• Provided material:
= Beginning of Section =

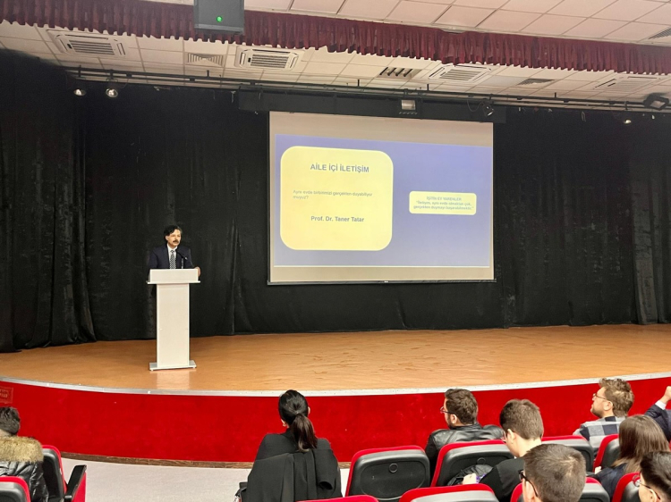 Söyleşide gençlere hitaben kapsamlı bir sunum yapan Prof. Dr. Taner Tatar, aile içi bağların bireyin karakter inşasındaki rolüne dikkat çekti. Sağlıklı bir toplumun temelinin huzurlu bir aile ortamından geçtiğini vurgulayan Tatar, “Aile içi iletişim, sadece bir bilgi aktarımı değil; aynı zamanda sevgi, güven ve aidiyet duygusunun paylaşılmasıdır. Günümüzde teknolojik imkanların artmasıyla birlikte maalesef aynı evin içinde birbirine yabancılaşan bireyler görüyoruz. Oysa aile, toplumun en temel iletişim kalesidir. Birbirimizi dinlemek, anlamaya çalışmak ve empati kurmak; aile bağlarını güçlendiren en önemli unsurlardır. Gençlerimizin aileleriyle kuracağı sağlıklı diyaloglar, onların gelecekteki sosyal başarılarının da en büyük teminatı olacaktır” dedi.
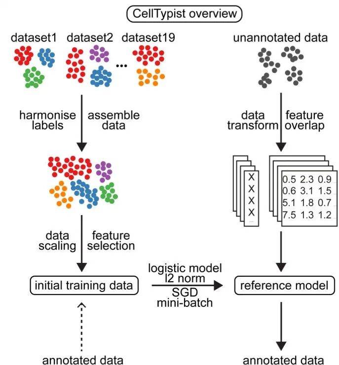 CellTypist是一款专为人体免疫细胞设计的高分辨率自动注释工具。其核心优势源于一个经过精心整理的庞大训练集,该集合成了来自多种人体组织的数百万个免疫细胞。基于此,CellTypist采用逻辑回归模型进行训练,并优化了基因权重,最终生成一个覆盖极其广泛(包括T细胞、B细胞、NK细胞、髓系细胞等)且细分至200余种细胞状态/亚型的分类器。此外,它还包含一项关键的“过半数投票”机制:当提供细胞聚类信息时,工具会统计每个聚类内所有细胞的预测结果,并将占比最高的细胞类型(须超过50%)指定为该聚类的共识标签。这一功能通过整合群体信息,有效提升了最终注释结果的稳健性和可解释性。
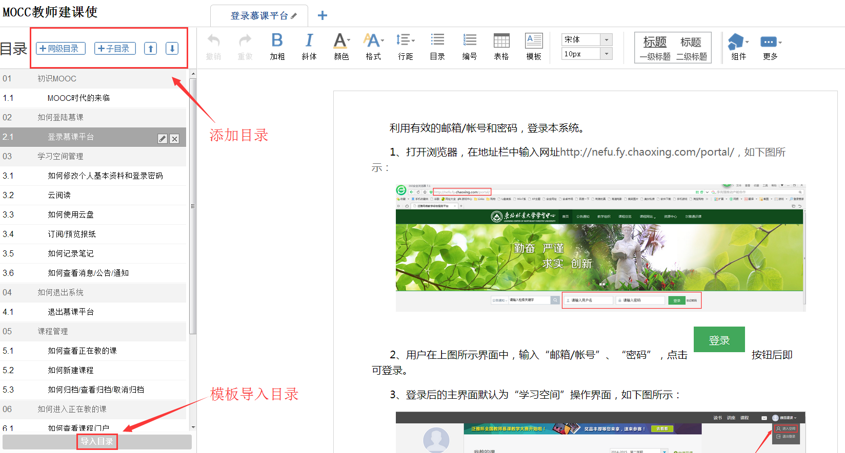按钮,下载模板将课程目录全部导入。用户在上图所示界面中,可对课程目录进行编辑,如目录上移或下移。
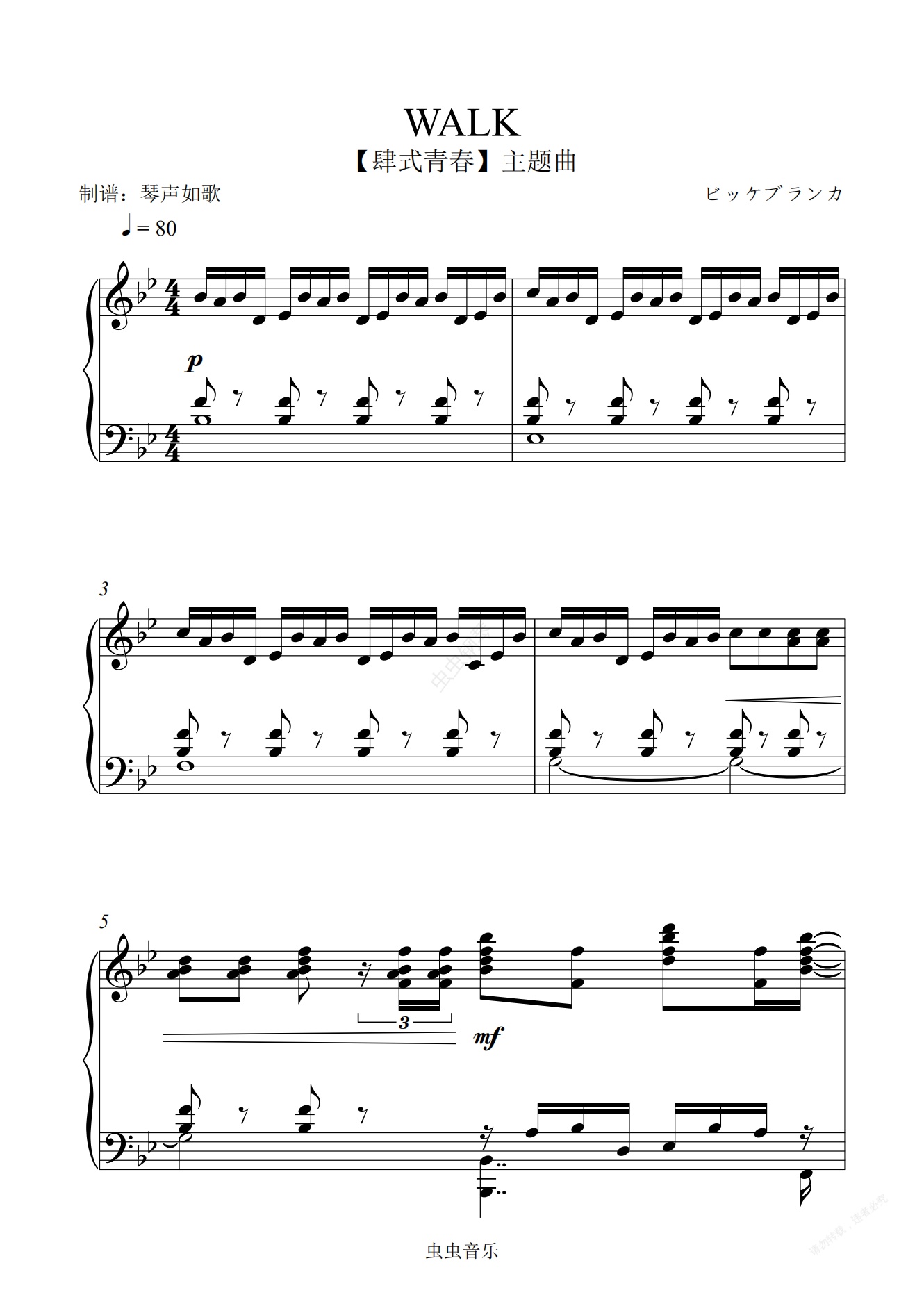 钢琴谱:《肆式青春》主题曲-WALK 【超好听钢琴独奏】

= End of Section =

• To do: Restate the data word for word while omitting each picture.

• Answer for this exercise:
 Söyleşide gençlere hitaben kapsamlı bir sunum yapan Prof. Dr. Taner Tatar, aile içi bağların bireyin karakter inşasındaki rolüne dikkat çekti. Sağlıklı bir toplumun temelinin huzurlu bir aile ortamından geçtiğini vurgulayan Tatar, “Aile içi iletişim, sadece bir bilgi aktarımı değil; aynı zamanda sevgi, güven ve aidiyet duygusunun paylaşılmasıdır. Günümüzde teknolojik imkanların artmasıyla birlikte maalesef aynı evin içinde birbirine yabancılaşan bireyler görüyoruz. Oysa aile, toplumun en temel iletişim kalesidir. Birbirimizi dinlemek, anlamaya çalışmak ve empati kurmak; aile bağlarını güçlendiren en önemli unsurlardır. Gençlerimizin aileleriyle kuracağı sağlıklı diyaloglar, onların gelecekteki sosyal başarılarının da en büyük teminatı olacaktır” dedi.
 CellTypist是一款专为人体免疫细胞设计的高分辨率自动注释工具。其核心优势源于一个经过精心整理的庞大训练集,该集合成了来自多种人体组织的数百万个免疫细胞。基于此,CellTypist采用逻辑回归模型进行训练,并优化了基因权重,最终生成一个覆盖极其广泛(包括T细胞、B细胞、NK细胞、髓系细胞等)且细分至200余种细胞状态/亚型的分类器。此外,它还包含一项关键的“过半数投票”机制:当提供细胞聚类信息时,工具会统计每个聚类内所有细胞的预测结果,并将占比最高的细胞类型(须超过50%)指定为该聚类的共识标签。这一功能通过整合群体信息,有效提升了最终注释结果的稳健性和可解释性。
按钮,下载模板将课程目录全部导入。用户在上图所示界面中,可对课程目录进行编辑,如目录上移或下移。
 钢琴谱:《肆式青春》主题曲-WALK 【超好听钢琴独奏】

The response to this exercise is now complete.